Mistral 7B Moves In: A Local LLM Joins the Stack

There is a new layer running quietly behind this site.
It is not visible in the navigation. It does not have a dashboard. It does not ask for API keys or track token usage. It lives in a small Python script, talks to a local model server, and writes into the same MariaDB tables that power this site.
It runs on my own hardware.
Everything at https://dangerousmetrics.com/llm-editorial (this will open a new tab), which runs inside the same application stack as this site, is generated by the local LLM. The layout is hand-built. For now.
The model behind it is Mistral 7B. Seven billion parameters is small by current industry spectacle standards, but it is large enough to reason, summarize, analyze, and adopt tone when constrained properly. Running through Ollama on a local machine, it responds in milliseconds. There are no usage meters. No per token accounting. No external dependency beyond the model weights sitting on disk.

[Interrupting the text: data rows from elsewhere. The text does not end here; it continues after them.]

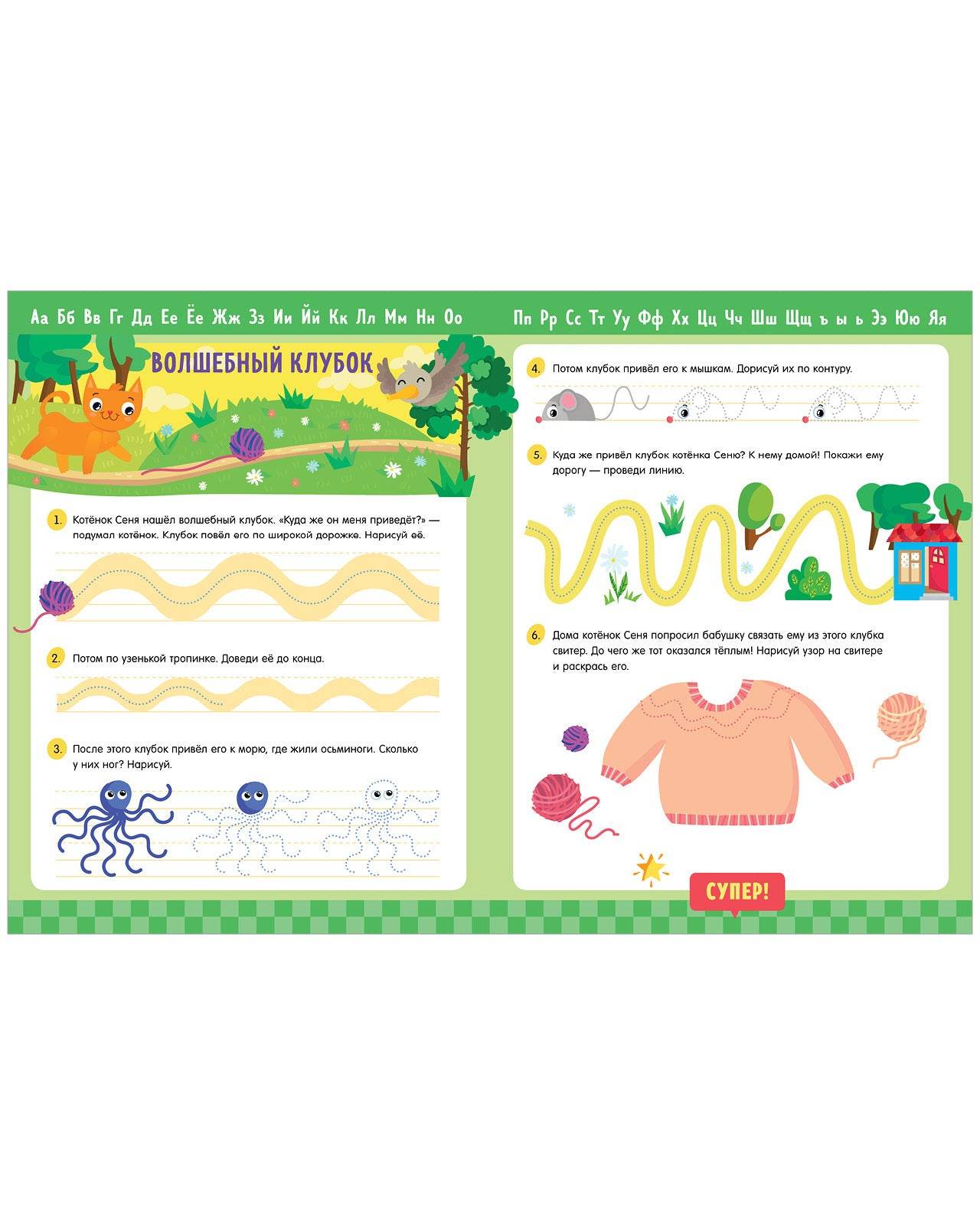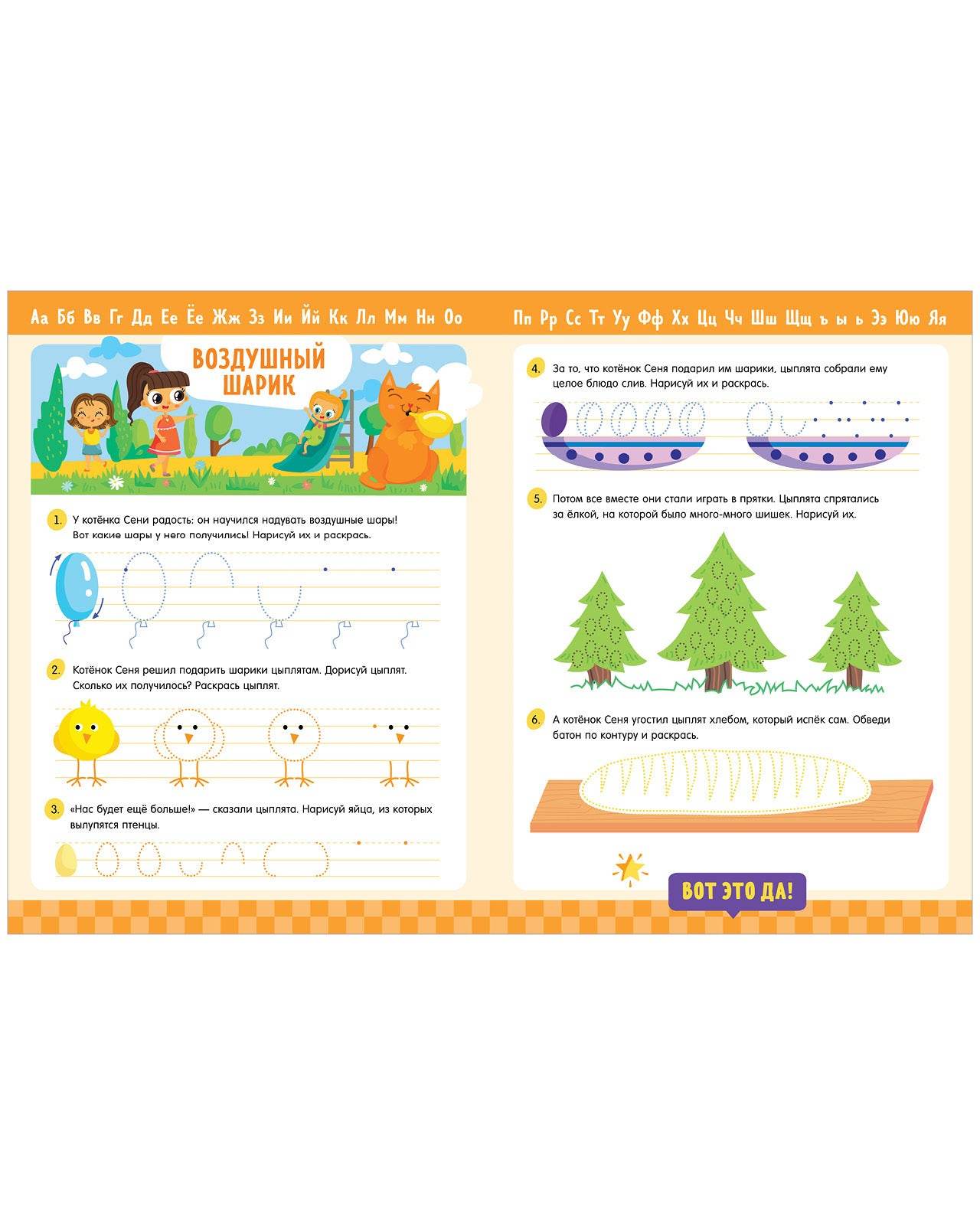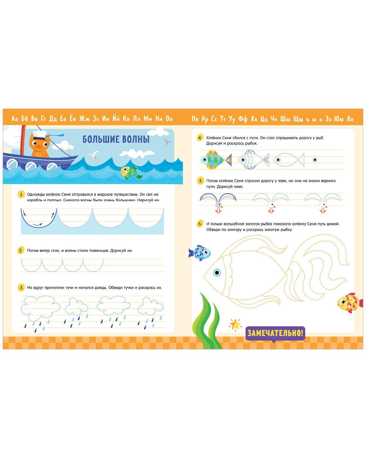 В книге представлены 3 раздела, по ним ребенок научится писать прямые палочки и линии; волнистые линии и круги; крючки, петельки и закорючки. В этой тетради ваш ребенок вместе с веселыми героями отправится в сказочную страну волшебных линий, где познакомится с написанием важных графических элементов.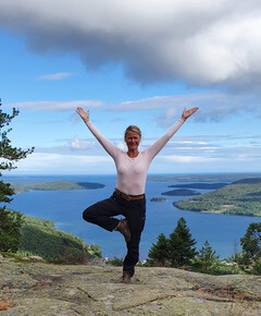 Jag tycker om att yoga lugnt och inkännande. Så jag får en upplevelse i vad som händer i min kropp och att andetaget hela tiden får följa mig som en följeslagare genom kroppens rörelsen.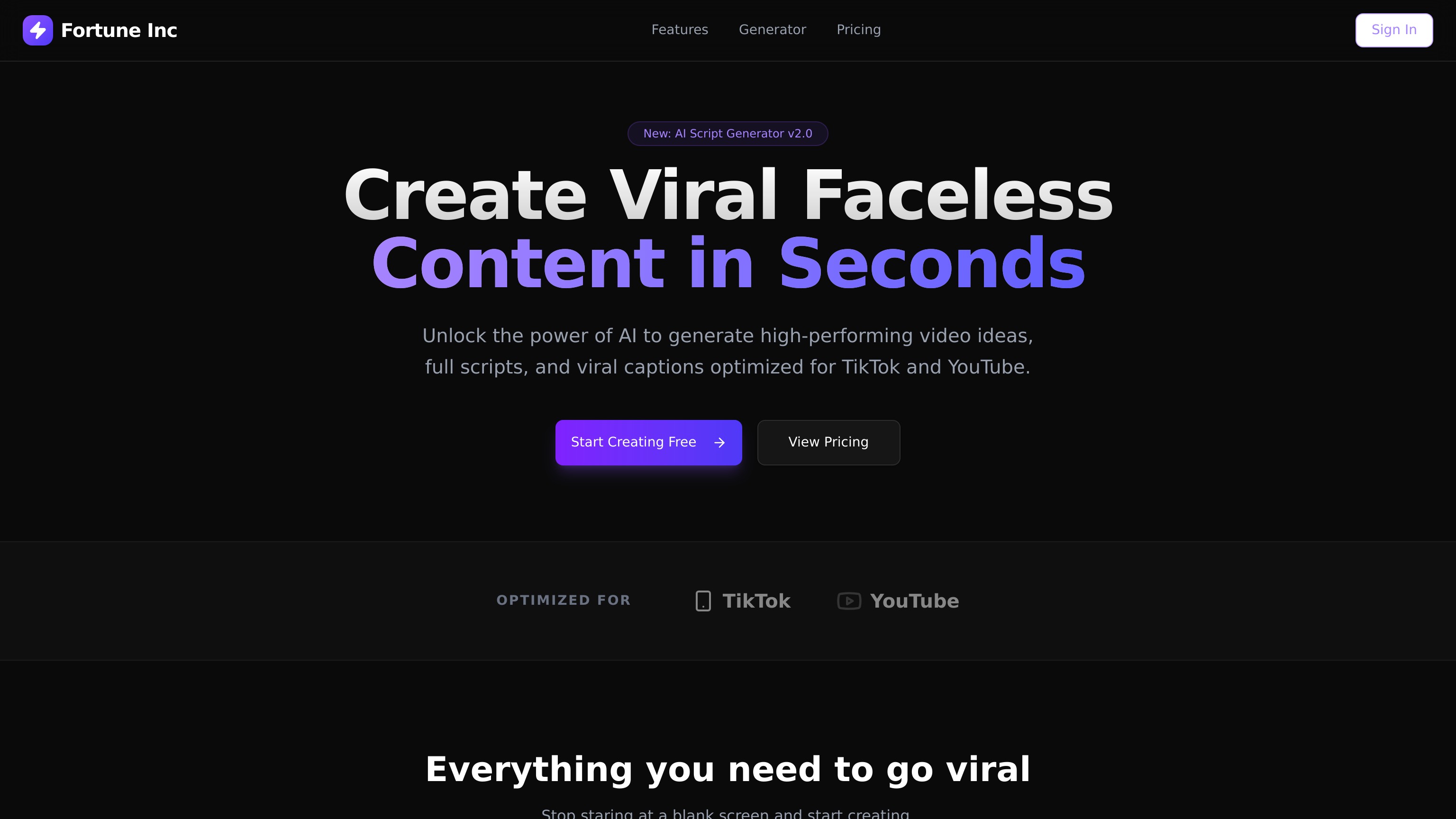 Create viral, high-quality faceless content in seconds without showing your face or spending hours editing. This powerful platform helps you generate engaging videos, captions, and ideas tailored for platforms like TikTok and YouTube. Whether you’re a beginner or content creator, you get everything you need to grow fast—ready-to-use scripts, trending concepts, and simple tools to turn ideas into content that grabs attention and drives engagement. Perfect for anyone looking to build an online presence, grow an audience, and start making money through faceless content.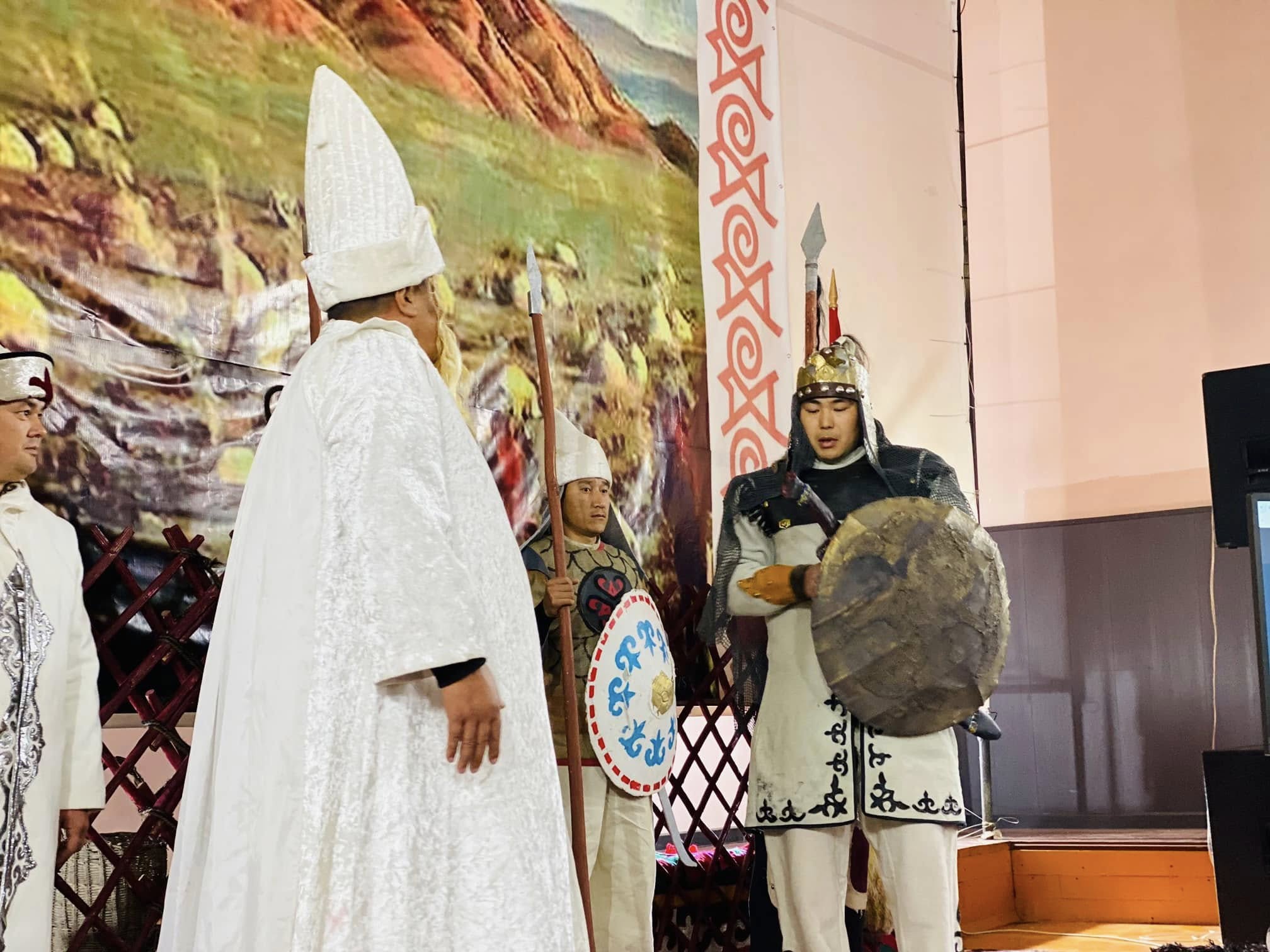 Иш-чара алгач Манастын Кошойго жолугушуусун сахналаштырылган сценкасы менен башталып,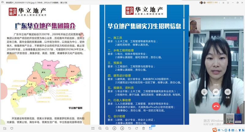 广州华立科技职业学院城建学院于2020年5月成功先后举办4场企业宣讲会。城建学院校外主任刘燕老师成功邀请了广州华立地产集团有限公司、广州市吉华勘测股份有限公司、佳邦建设集团有限公司、中咨工程建设监理有限公司等四家企业负责人在钉钉、微信上,为我校城建学院在校生做企业宣讲。宣讲会由刘燕老师主持,城建学院2018级学生踊跃参加了本月举行的企业宣讲会。
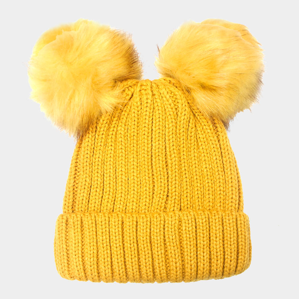 Double Pom Pom Knit Beanie Hat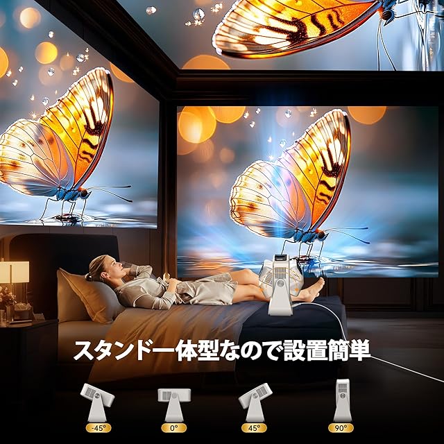 【自宅の壁や天井がシアターに】スタンド一体型設計のため、投影角度を自由に調整可能。天井や壁など自宅の好きな場所でお気に入りの映画やゲーム、音楽など様々なコンテンツを最大300インチの大画面でお楽しみいただけます。

That changes how you experiment.
When you are not watching a cloud bill climb with every prompt, you stop thinking in terms of cost per request and start thinking in terms of system design. You can call the model from cron every minute. You can test five personas in a row. You can refine a prompt, rerun it, and rerun it again without negotiating with a pricing page.
The result is not novelty content. It is infrastructure.
Right now there are multiple small Python workers. One writes deadpan institutional satire based on headlines. One reviews internal changelog entries and produces structured reflections. Another explains raw log lines in a restrained but slightly intense security voice. Each script shares the same core mechanics: build a disciplined prompt, call the local model, parse output, store it in the database, render it through the existing Next.js front end.
The front end does not know or care whether the text came from me or from a local model. It reads from the same tables. The layout, the index pages, the slug routes, the editorial grid, they all treat the output as first class content.
That is the interesting part.
This is not bolted on AI. It is wired into the content layer of the site.
Because it runs locally, it is predictable. I know the hardware. I know the memory limits. I know the latency envelope. I can tune temperature and top_p without worrying about rate limits. I can throttle it. I can schedule it. I can let it observe my own changelog entries and generate reflective commentary within minutes of a deployment.
Over time, this will become more disciplined.
Prompts will move into structured instruction files. Personas will be versioned. Guardrails will be tightened. Some scripts will merge into a unified framework. Others will remain intentionally separate to preserve tone boundaries. Eventually, certain workers will pull directly from OpenSearch instead of from CLI input, translating operational telemetry into readable summaries.
None of this requires a cloud subscription.
It requires a machine, a model, and a willingness to treat language as part of your stack.
The long term goal is not volume. It is coherence. If this works properly, the site will slowly develop a self documenting layer. Changelog entries will be reviewed. Log lines will be interpreted. Structural changes will be reflected on. Not in a breathless way, but in a disciplined, system aware way.
As the framework stabilizes, this entire layer will become part of the Anvil Tech Doc Series. The documentation will not just describe how to wire a model into a site. It will describe how to control tone, prevent hallucination, design personas, structure database writes, and run a local LLM as a first class service without drifting into noise.
There is a difference between adding AI to a site and integrating a language model into your infrastructure.
This is the latter.
Right now it is a collection of small scripts and careful prompts. Over time, it will be a permanent part of the architecture.